[Data records]
──────────

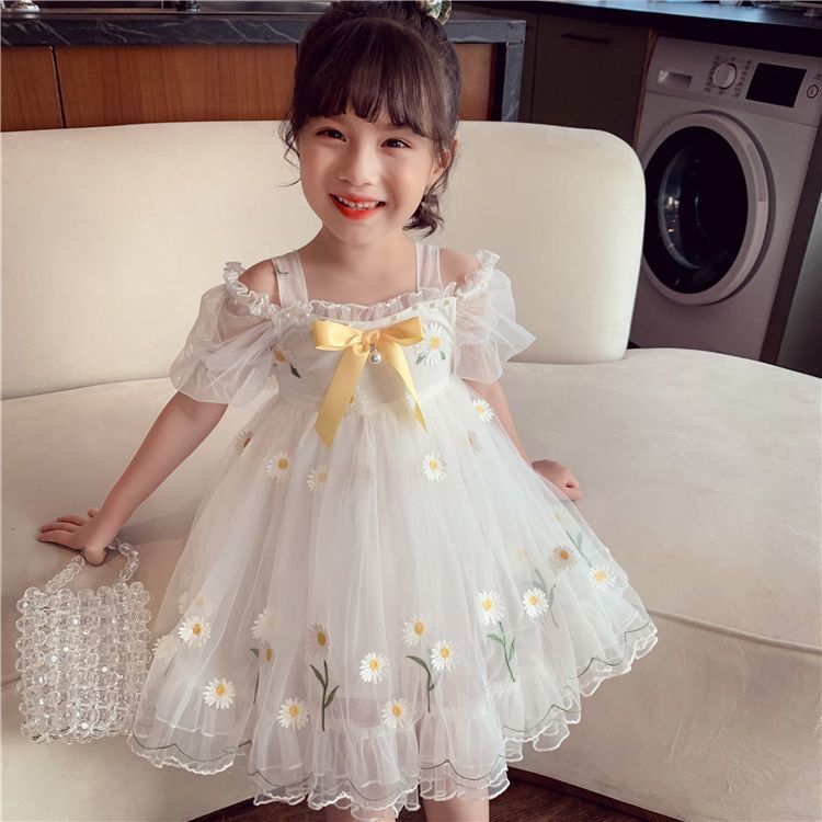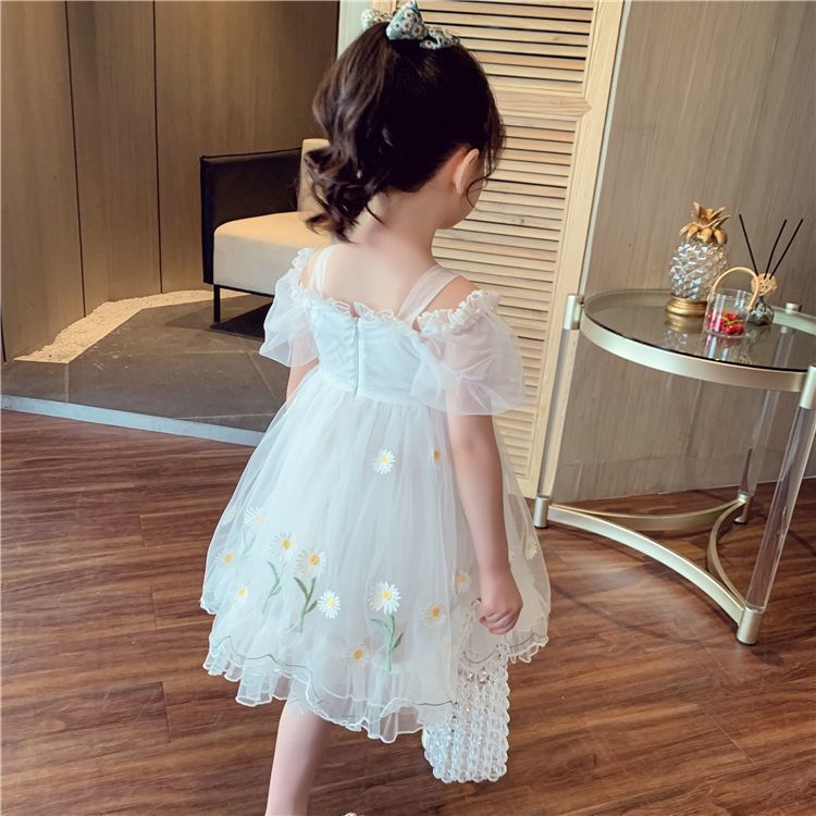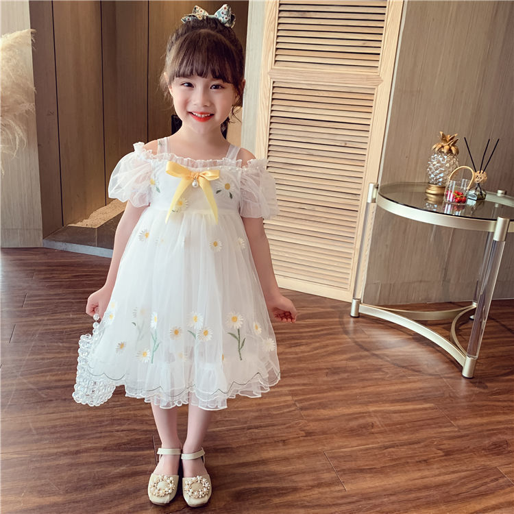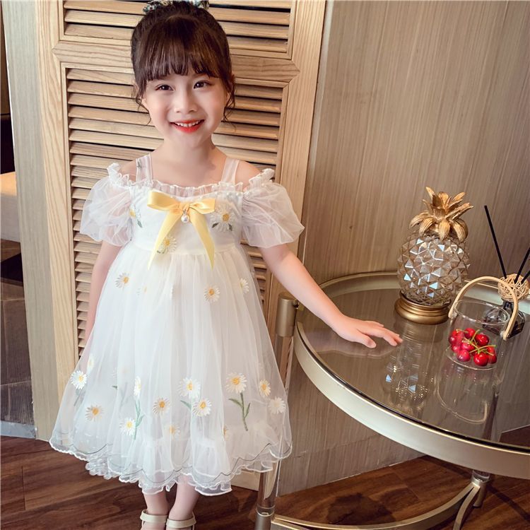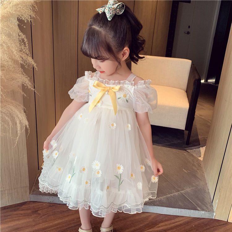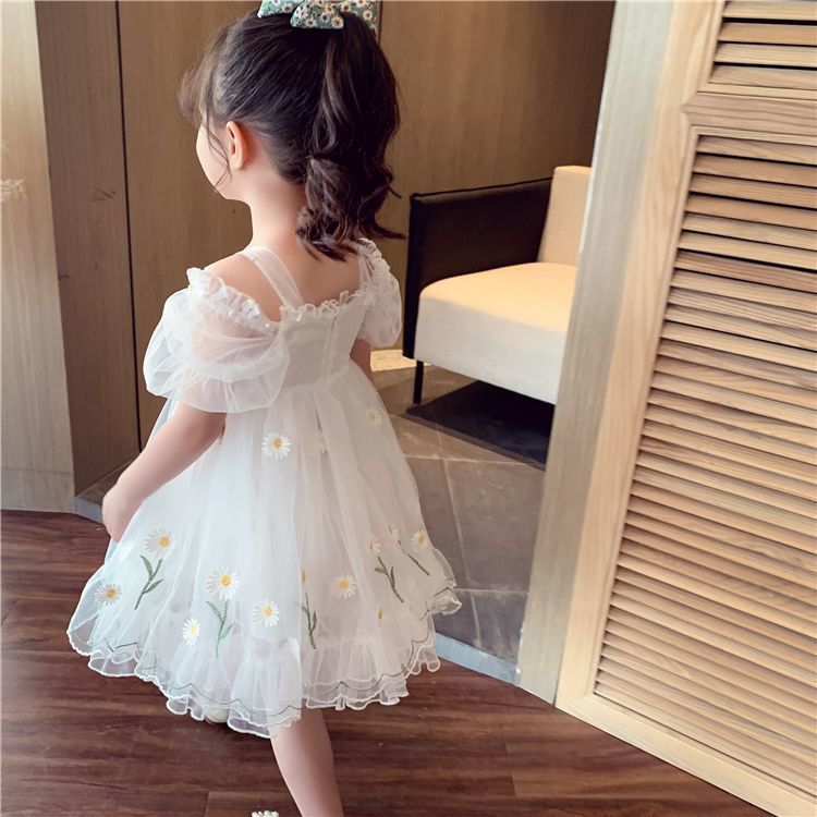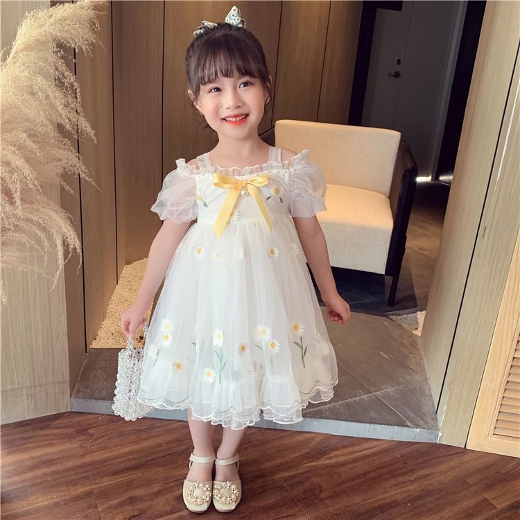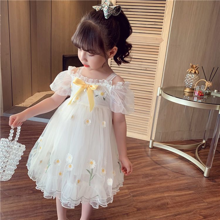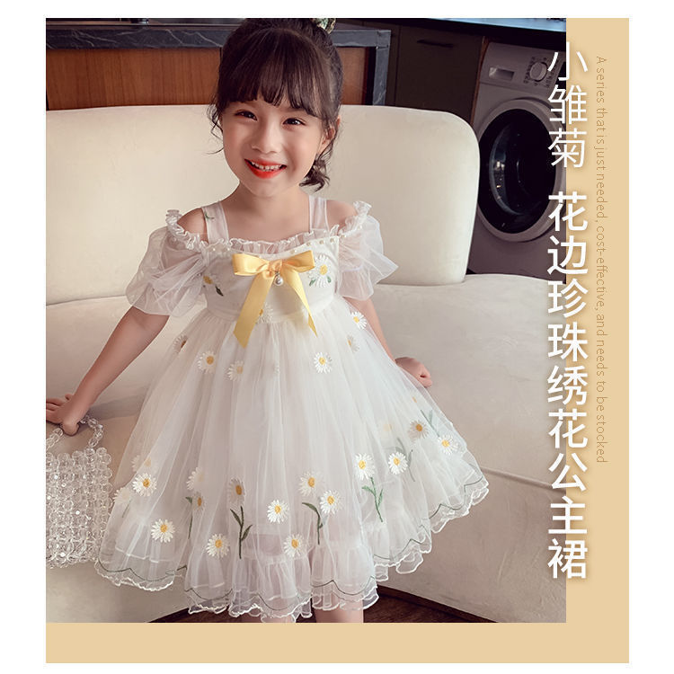 소녀 공주 치마 여름 어린이 치마 2023 새로운 메쉬 작은 데이지 어깨 세련된 어린 소녀 원피스스토어 가기
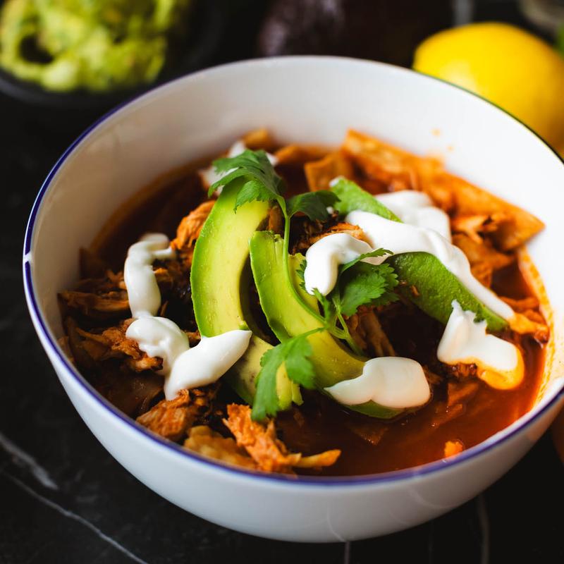 A traditional Mexican tomato based soup with gluten free tortilla chips, pulled chicken, avocado, cheese and sour cream.
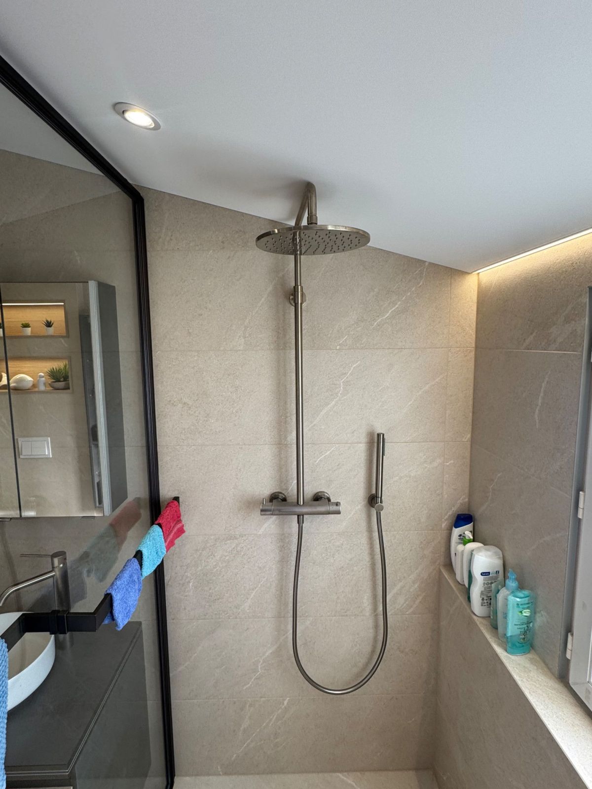 Véritable pièce maîtresse du projet, la douche a été conçue pour allier esthétique et confort :
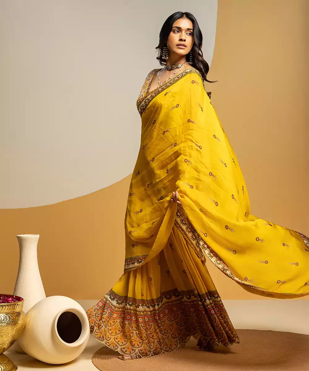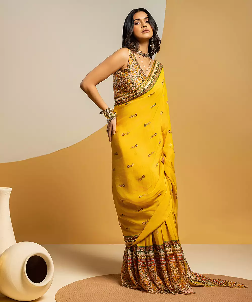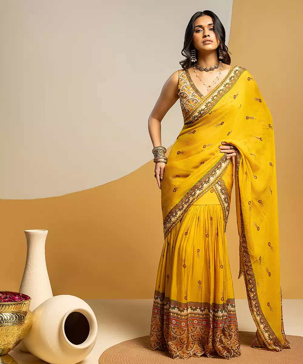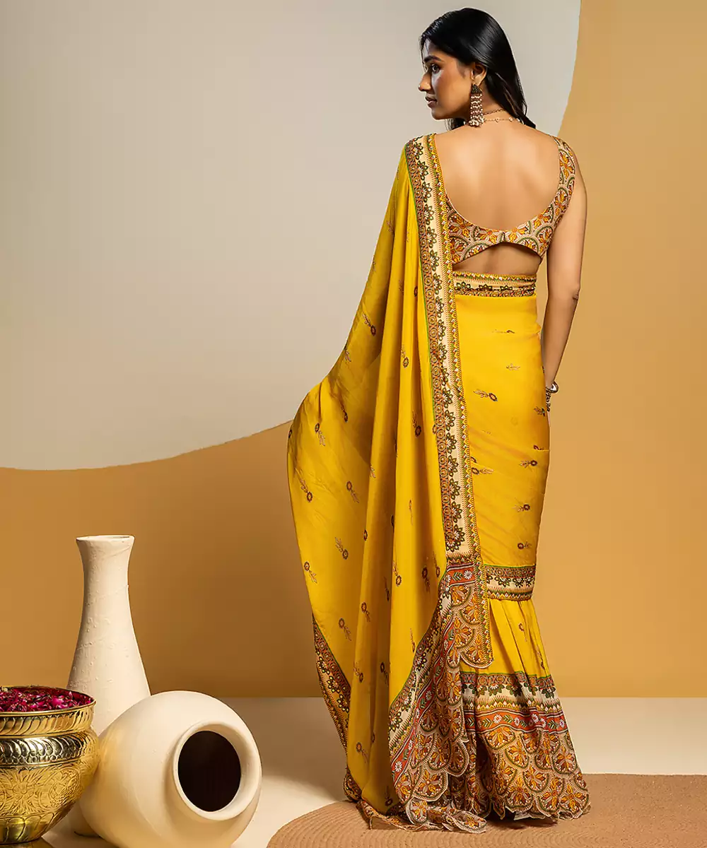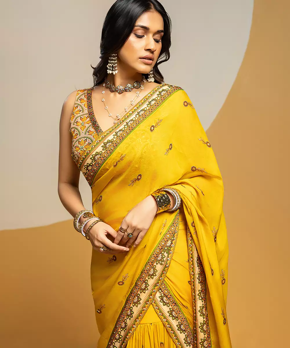 Yellow Taarani Embellished Pre Stitched Saree In Organza, Paired With V Neck Blouse In Silk.
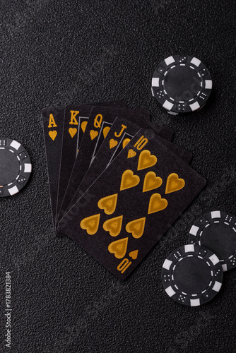 Obraz premium Playing card game poker in casino with chips, bets and risk. Cards and chips on black felt
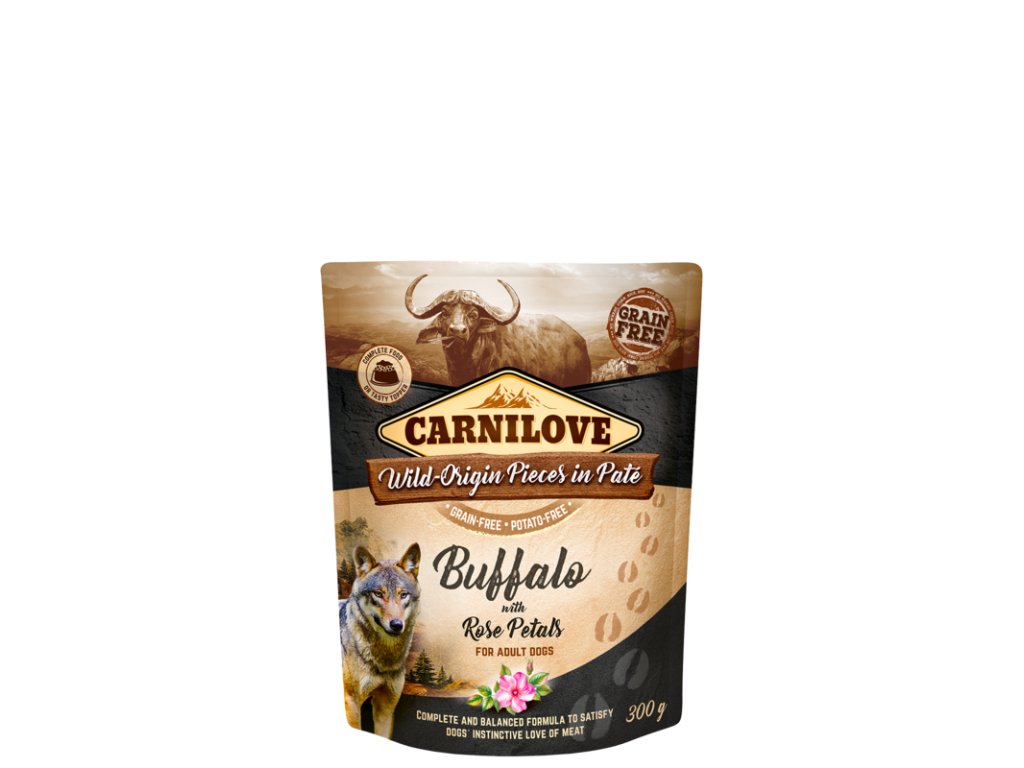CARNILOVE WILD-ORIGIN PIECES IN PATÉ - BUFFALO WITH ROSE PETALS FOR ADULT DOGS
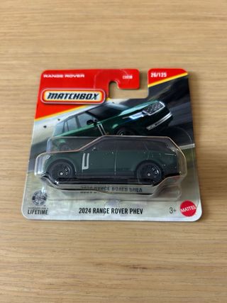 Coche de juguete Matchbox del Range Rover PHEV de 2024. 🛑 Solo hago envios por importes iguales o superiores a 8€. ⭕️ Para importes menores de 8€ recogida en mano. 👍 Es un buen articulo para tu vitrina. 🚚 Agrupo pedidos. ⚠️ Revisa mi perfil. Majorette Hot Wheels Matchbox - Color verde Inglés. - Diseño detallado. - Escala 26/125.
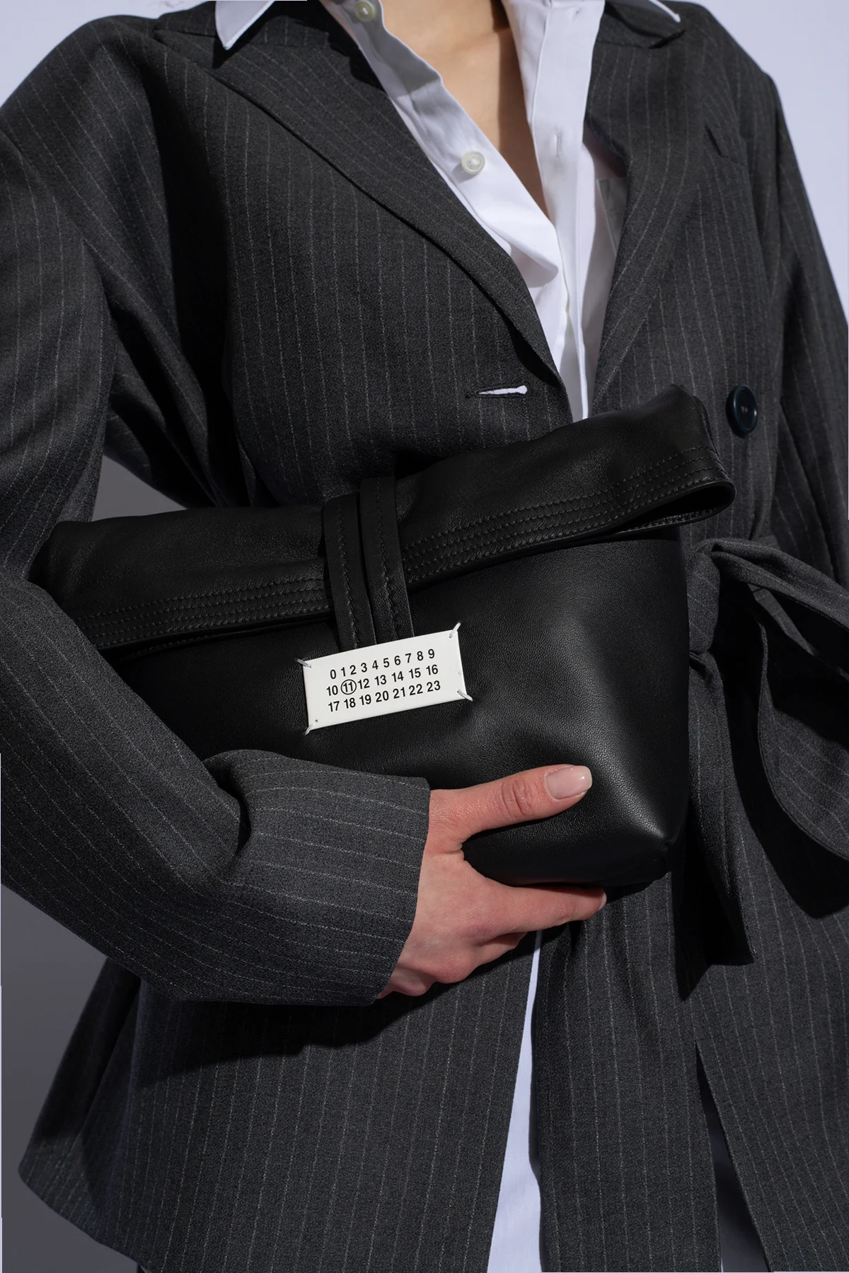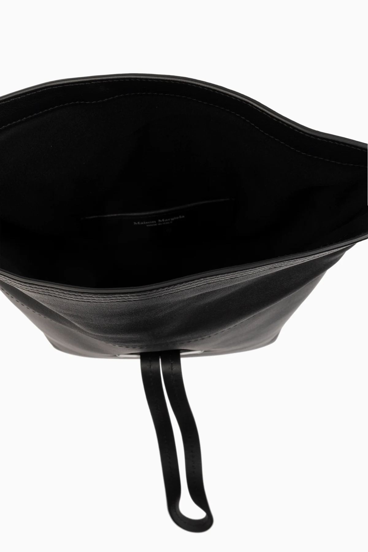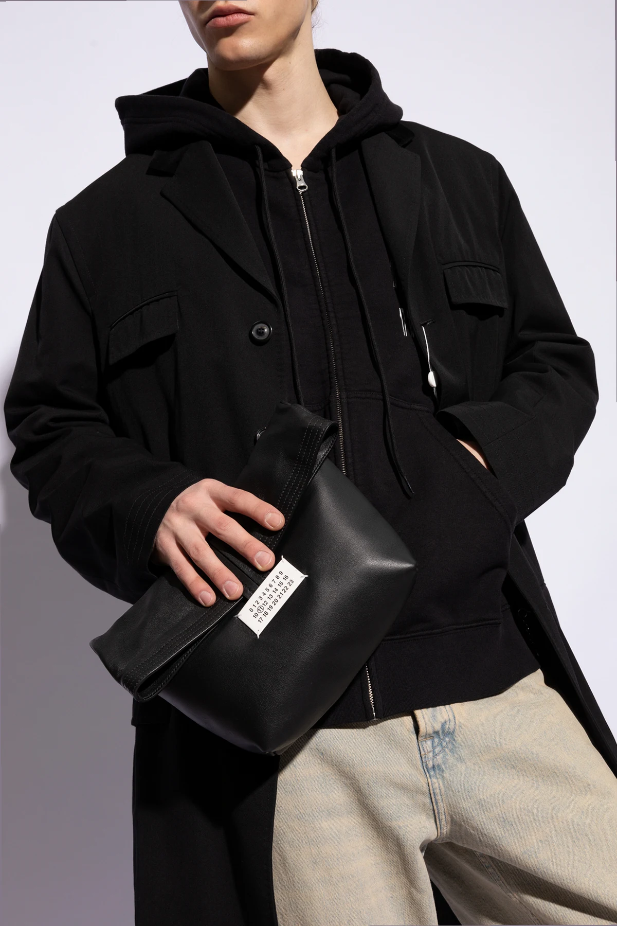 Introducing the Maison Margiela Handbag, a paragon of minimalist luxury. This exquisite piece, crafted from 100% premium leather, boasts a sleek, rectangular silhouette with subtly rounded corners, encapsulating the essence of high-end fashion. The bag\'s exterior, a deep, enigmatic black, is complemented by a distinctive white-and-black logo patch, adding a touch of elegance and brand identity. The design is further enhanced by a practical wrist strap, offering both security and ease of carry. Upon opening, the bag reveals a spacious, cotton-lined single compartment, designed for effortless organization and access to your essentials. Its clean lines and lack of superfluous decoration lend the piece a timeless allure, making it a versatile addition to any wardrobe. Why Purchase This Product? Constructed from 100% high-quality leather with a 100% cotton interior, ensuring durability and comfort. Features an innovative decorative closure that doubles as a handle, blending functionality with style. Equipped with an interior compartment and a card slot for optimal organization. The elegant, minimalistic design complements a wide range of outfits, elevating your everyday style.

──────────

Exercise goal — The answer must be the lines of the entries above, written out exactly from the first through the one with "Véritable pièce maîtresse", and no pictures.

Result of the task —
 소녀 공주 치마 여름 어린이 치마 2023 새로운 메쉬 작은 데이지 어깨 세련된 어린 소녀 원피스스토어 가기
 A traditional Mexican tomato based soup with gluten free tortilla chips, pulled chicken, avocado, cheese and sour cream.
 Véritable pièce maîtresse du projet, la douche a été conçue pour allier esthétique et confort :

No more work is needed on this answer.